A 2015 paper by two Princeton University economists (one of whom, Angus Deaton, won a Nobel Prize in that year for other economic work) first highlighted what has come to be called “deaths of despair”—morbidity due to drug abuse, alcohol and suicide, with some related measures of heart disease and cancer, among non-college-educated white Americans (both men and women, but more so for men). Now, a broader analysis, published (in draft form) in the Brookings Institution Papers on Economic Activity, addresses some of the questions raised by the earlier study, but overall confirms the breadth and depth of the findings. The authors (Deaton and his wife, Anne Case) present evidence for the hypothesis that a worsening economic situation (wage growth stagnation, lack of employment) combined with a gradual breakdown in social structures (divorce rates, out-of-wedlock births) has led to rising mortality, most prominently for middle-aged, white American males lacking college degrees.

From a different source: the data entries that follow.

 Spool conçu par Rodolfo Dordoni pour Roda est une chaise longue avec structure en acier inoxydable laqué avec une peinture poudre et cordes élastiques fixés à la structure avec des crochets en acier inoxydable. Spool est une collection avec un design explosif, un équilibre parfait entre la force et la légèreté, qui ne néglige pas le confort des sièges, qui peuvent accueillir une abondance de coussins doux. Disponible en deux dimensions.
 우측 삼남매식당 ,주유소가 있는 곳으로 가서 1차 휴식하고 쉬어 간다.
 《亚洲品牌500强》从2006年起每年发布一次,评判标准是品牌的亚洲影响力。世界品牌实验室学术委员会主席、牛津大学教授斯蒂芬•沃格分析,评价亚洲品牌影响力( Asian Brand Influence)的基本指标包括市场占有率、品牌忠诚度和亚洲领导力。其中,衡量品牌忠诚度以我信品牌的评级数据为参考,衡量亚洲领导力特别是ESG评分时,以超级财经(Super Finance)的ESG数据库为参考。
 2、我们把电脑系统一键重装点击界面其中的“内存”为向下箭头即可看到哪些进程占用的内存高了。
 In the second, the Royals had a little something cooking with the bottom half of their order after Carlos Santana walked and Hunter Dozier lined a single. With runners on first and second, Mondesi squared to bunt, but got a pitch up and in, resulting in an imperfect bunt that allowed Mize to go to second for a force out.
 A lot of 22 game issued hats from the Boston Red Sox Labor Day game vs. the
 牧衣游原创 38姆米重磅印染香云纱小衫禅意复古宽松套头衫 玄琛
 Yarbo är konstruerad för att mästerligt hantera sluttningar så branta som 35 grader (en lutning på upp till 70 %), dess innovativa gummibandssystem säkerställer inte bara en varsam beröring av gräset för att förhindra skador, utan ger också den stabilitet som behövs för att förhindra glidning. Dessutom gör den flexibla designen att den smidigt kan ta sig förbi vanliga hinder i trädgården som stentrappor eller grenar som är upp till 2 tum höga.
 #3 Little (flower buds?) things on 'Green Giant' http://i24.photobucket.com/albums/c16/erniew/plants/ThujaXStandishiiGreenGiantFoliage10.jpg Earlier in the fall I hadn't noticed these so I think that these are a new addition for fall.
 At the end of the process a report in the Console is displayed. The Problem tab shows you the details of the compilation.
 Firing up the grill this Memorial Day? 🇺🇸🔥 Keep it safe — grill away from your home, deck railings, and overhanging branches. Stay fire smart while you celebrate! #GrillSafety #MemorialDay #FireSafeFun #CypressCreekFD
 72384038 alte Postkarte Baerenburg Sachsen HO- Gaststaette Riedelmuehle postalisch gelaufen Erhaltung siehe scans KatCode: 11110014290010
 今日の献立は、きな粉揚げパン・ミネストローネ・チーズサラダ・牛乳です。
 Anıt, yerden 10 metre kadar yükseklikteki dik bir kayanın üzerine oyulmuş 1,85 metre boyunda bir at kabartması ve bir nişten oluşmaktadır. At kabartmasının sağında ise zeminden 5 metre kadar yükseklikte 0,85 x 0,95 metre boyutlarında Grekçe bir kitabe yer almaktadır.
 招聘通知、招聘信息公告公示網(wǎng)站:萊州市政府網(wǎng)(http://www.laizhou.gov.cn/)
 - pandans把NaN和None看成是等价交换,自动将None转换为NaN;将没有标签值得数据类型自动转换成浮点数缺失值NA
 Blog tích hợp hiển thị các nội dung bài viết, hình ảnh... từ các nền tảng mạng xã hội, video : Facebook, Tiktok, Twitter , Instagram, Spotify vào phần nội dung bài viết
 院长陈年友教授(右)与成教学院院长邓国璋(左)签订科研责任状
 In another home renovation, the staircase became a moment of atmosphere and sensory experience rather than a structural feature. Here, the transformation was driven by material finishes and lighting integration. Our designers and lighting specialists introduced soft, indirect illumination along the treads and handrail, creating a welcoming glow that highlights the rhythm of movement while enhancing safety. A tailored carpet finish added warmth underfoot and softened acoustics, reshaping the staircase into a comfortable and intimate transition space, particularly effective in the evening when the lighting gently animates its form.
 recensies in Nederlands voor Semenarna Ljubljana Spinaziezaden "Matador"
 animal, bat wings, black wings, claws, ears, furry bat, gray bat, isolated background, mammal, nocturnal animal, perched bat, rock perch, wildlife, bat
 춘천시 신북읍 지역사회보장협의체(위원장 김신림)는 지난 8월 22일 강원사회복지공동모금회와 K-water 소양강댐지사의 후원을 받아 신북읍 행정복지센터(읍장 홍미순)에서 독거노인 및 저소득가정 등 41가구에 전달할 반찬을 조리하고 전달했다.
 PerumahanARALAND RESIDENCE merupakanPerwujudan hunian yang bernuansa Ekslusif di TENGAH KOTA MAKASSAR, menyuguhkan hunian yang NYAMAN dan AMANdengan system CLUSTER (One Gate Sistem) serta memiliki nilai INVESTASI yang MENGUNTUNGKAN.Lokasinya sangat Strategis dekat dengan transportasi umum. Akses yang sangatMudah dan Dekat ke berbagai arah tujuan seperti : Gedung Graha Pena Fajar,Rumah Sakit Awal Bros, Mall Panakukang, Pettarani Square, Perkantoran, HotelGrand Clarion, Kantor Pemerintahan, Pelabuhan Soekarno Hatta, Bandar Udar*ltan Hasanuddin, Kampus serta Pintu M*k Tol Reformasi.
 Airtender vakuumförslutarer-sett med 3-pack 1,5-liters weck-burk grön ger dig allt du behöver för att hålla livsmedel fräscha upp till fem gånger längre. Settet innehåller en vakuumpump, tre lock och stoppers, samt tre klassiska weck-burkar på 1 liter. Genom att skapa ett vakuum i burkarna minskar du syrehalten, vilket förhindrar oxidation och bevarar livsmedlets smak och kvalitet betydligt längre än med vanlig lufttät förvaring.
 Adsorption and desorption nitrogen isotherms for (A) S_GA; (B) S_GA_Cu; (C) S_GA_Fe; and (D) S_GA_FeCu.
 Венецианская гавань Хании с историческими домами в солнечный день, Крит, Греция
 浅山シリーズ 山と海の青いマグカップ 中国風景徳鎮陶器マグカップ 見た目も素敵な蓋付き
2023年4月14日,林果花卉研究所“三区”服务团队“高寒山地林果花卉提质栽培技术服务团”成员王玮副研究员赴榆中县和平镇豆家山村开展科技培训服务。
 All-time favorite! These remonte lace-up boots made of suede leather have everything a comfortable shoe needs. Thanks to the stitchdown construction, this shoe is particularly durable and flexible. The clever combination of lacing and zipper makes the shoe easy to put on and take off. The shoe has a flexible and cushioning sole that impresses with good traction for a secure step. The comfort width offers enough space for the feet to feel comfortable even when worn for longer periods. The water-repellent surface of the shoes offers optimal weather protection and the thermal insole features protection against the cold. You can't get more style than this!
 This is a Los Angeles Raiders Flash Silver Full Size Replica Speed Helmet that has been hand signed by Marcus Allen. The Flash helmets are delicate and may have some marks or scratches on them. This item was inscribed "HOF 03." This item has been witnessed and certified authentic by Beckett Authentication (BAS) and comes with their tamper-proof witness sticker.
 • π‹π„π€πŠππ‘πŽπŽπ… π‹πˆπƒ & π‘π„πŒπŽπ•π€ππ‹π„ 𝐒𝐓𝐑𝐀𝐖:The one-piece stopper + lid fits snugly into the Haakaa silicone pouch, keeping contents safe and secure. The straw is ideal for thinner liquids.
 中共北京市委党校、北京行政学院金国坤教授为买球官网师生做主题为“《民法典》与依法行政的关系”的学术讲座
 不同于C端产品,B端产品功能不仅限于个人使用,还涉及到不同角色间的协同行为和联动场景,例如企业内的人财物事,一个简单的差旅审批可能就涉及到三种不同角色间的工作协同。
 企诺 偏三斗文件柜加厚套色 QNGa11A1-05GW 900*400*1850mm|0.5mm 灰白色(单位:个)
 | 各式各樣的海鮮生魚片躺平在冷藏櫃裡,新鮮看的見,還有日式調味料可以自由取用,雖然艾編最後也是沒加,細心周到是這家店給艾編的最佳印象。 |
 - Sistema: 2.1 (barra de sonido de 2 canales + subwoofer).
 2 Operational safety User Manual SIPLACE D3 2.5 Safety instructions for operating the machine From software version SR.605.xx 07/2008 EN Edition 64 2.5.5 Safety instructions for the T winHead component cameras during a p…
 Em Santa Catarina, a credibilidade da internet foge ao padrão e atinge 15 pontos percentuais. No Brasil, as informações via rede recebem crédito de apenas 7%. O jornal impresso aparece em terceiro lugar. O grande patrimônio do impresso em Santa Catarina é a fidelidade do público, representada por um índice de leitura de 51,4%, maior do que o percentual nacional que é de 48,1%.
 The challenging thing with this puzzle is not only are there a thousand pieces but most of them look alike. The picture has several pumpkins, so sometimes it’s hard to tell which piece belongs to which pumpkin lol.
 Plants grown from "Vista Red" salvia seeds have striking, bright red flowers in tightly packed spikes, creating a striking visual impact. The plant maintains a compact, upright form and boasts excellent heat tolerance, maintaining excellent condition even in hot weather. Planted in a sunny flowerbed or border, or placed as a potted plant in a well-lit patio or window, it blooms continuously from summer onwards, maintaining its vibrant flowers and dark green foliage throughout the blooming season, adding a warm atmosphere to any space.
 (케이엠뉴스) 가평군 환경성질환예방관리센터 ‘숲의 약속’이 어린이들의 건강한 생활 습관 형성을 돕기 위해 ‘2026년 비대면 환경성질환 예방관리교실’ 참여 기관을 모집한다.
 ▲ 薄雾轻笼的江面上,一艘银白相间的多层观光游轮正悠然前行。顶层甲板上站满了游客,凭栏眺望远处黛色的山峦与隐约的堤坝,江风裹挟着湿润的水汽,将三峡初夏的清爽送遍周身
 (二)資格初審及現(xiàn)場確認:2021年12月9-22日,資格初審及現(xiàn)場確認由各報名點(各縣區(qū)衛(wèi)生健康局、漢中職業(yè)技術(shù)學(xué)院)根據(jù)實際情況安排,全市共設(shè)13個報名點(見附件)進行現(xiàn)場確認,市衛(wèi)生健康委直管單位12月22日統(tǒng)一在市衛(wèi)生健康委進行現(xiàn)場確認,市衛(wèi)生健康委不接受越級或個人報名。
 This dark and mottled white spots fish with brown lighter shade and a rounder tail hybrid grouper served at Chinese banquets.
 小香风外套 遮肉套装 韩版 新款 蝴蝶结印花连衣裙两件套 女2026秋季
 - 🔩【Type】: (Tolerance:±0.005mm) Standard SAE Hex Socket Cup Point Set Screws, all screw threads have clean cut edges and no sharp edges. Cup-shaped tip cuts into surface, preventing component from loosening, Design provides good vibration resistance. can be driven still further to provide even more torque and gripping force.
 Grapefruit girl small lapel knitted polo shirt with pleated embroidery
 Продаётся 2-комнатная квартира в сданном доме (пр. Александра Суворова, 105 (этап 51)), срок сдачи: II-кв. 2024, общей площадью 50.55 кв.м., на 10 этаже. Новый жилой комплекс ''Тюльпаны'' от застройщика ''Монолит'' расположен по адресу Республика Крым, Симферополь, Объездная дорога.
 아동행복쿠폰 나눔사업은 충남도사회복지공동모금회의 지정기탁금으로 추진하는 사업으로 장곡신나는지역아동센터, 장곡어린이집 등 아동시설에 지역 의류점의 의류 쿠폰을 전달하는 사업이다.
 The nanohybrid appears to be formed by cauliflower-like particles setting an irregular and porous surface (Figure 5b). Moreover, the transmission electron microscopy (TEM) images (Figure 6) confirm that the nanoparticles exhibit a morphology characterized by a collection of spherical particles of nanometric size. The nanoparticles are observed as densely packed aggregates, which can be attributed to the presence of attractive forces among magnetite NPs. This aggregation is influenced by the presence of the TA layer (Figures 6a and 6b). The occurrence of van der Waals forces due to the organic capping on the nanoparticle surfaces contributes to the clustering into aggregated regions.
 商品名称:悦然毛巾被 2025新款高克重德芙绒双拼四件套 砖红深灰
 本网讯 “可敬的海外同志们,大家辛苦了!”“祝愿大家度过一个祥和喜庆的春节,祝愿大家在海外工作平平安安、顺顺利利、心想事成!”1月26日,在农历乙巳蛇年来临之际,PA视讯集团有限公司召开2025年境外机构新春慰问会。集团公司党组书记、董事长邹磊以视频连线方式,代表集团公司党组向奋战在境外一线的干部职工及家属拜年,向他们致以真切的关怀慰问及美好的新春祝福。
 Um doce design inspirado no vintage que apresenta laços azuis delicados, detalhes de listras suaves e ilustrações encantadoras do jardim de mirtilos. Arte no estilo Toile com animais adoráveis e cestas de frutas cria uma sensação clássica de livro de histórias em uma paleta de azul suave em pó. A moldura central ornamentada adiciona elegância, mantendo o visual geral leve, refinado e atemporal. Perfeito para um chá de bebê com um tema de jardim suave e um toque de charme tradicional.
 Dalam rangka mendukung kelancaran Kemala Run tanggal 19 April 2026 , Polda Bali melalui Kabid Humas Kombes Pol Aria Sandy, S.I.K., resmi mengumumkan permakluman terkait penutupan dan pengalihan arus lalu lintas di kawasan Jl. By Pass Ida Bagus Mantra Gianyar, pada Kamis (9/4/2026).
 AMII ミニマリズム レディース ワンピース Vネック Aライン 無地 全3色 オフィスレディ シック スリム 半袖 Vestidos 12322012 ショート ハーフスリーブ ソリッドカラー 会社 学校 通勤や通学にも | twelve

The trend is all the more dramatic because mortality has declined for African Americans and Hispanic Americans over the same period of time. (see figure) While the entire US population is subject to roughly the same social and economic forces, the changes in mortality appear to be race- and sex-specific.
What does this have to do with the pharma industry? The Princeton economists take a swing at the manufacturers of opioid drugs: “The main beneficiaries of the opioids are not those who are addicted or who are dying from overdoses, but rather the pharmaceutical companies who have promoted their sales.” However, at this point it’s not black-and-white as to how much drug abuse is due to prescription opioids, and how much to street drugs formulated with synthetic opioids, or heroin. Overall, the paper is an insightful object lesson in population health analysis—a topic that is rising in strategic thinking about healthcare delivery, and will eventually influence therapies, including pharmaceuticals.